= Art in the Streets =

Art in the Streets was an exhibition held at the Museum of Contemporary Art Los Angeles from April 17 to August 8, 2011. Curated by its then-director Jeffrey Deitch and associate curators Aaron Rose and Roger Gastman, it surveyed the development of graffiti and global street art from the 1970s to the present, covering the cities of New York City, the West Coast, London, and São Paulo with a focus on Los Angeles.
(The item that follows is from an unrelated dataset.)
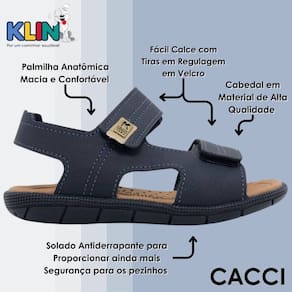 A Sandália Infantil Menino Tictac Klin foi desenvolvida para oferecer o melhor em conforto e praticidade para os pequenos. Com um design moderno e funcional, ela conta com duas tiras ajustáveis autocolantes, proporcionando um calce fácil e um ajuste firme e seguro para todas as aventuras do dia.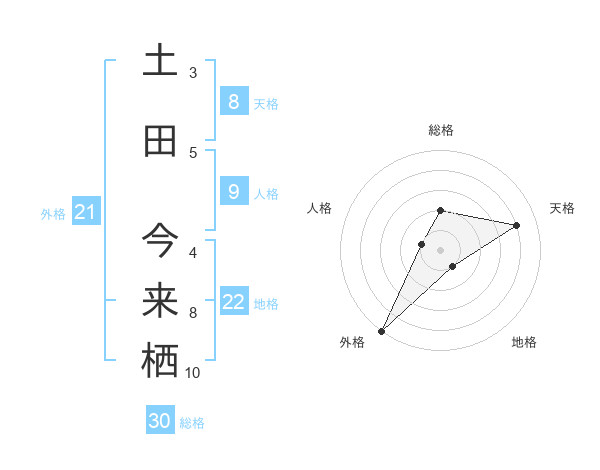 土田 今来栖さんを姓名の画数から五運を鑑定

It was supposed to travel to the Brooklyn Museum from March 30 to July 8, 2012. The exhibit at the Brooklyn Museum was cancelled because of financial difficulties.

By some estimates, it was the most attended exhibition in the MOCA LA's history.

Artists in the exhibition included: Barry McGee, Lee Quiñones, Os Gêmeos, Banksy, Shepard Fairey, TAKI 183, Jean-Michel Basquiat, Chaz Bojórquez, ROA, JR, RISK, Rammellzee, Keith Haring, Kenny Scharf, Angel Ortiz, Gusmano Cesaretti and others.

In early December 2010 Italian street artist Blu painted a mural on the side of the museum's Geffen Contemporary Wing to coincide with the exhibition. Because the work's antiwar theme might be deemed offensive, the museum had it painted over within a day, and anonymous fellow artists avenged themselves by putting up posters of Deitch as an ayatollah holding a paint roller.